И больной после операции ничего был. Ну что и говорить — молодцы! Вот уж действительно — мо-лод-цы! — как порой кричат в телевизоре. Лев нас с Федей домой потом отвез. Федору уж скоро на работу опять. Может, хотел дома похвалиться. Моя-то разворчалась, куда там! Очень оригинальные вещи говорила: я немолод, мне нельзя, она волновалась. Я ей говорю, что давно в театре не был, что это не только не хуже, но лучше, интереснее. А она мне: а я словно в цирке побывала, глядя на тебя. Ну что ты скажешь!
Пациент их, или, как они позволяют себе шутить, по-моему, достаточно пошло, клиент, меж тем выздоравливал, ходил, выписаться должен был, но старость, склероз свое взяли — через три недели умер от инфаркта.

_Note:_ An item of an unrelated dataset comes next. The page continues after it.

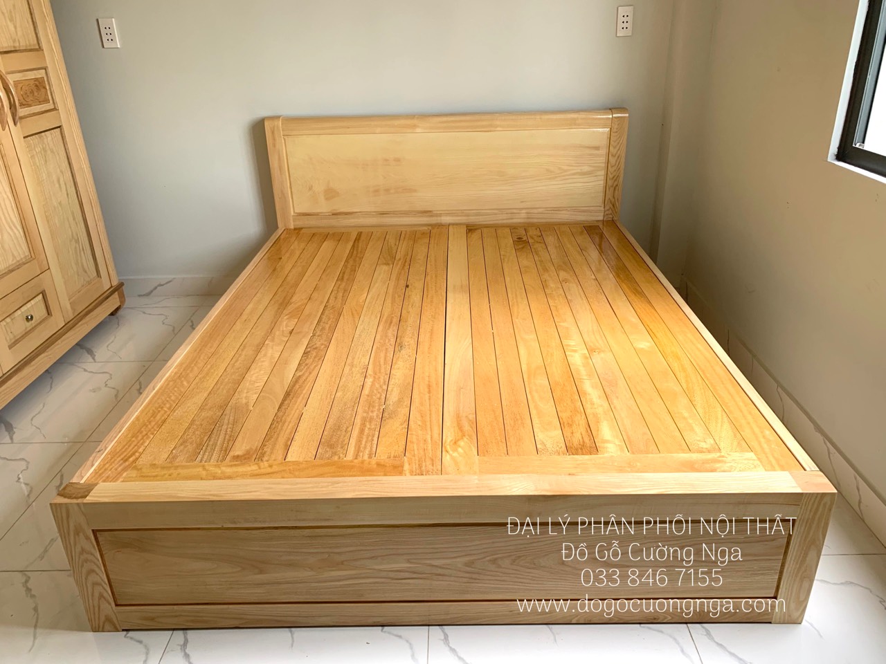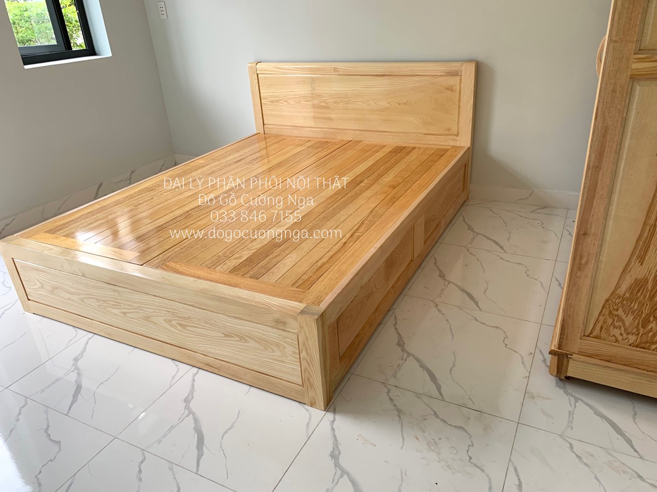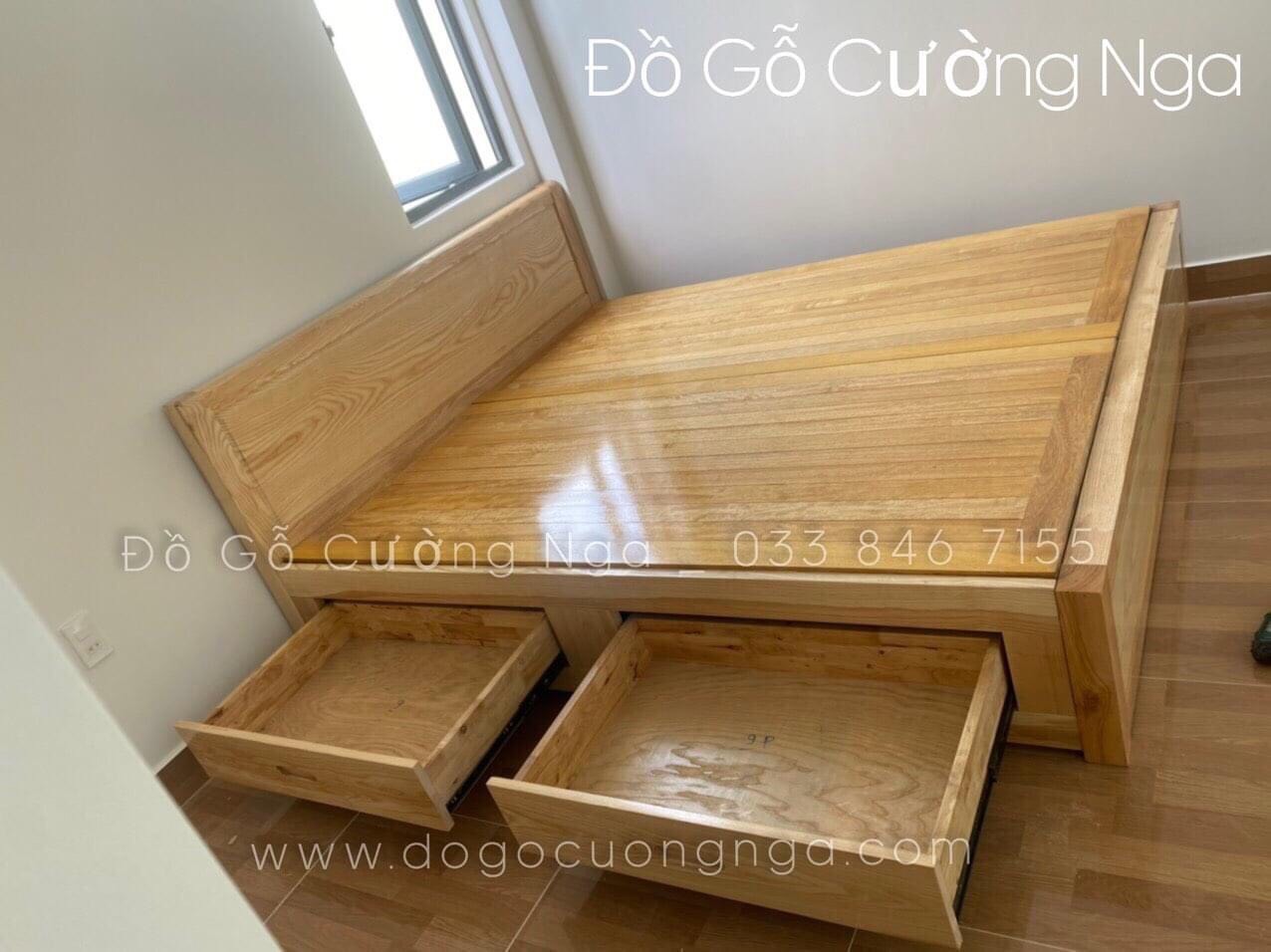 Giường gỗ sồi nga 2 ngăn kéo mẫu trơn - vạt phản

Безусловно, иные люди! И пусть я не все понимаю, но именно чудаки украшают нашу жизнь. Да и жизнь к ним благосклонна, я думаю.
Теперь могу снисходительно смотреть на них, снисходительно улыбаться с позиции своей мудрости. Мог бы, если б не понесся сломя голову к ним тогда ночью. Упаси бог, если кто подумает, что я себя вижу мудрым! Ни в коем разе. Я говорю о мудрости не потому, что мудр, а потому, что много прожил, много видел. Мудр при прочих равных… Помудрел за счет виденного. Кстати, вот этого-то — операции подобной — я не видел. Впервые увидел.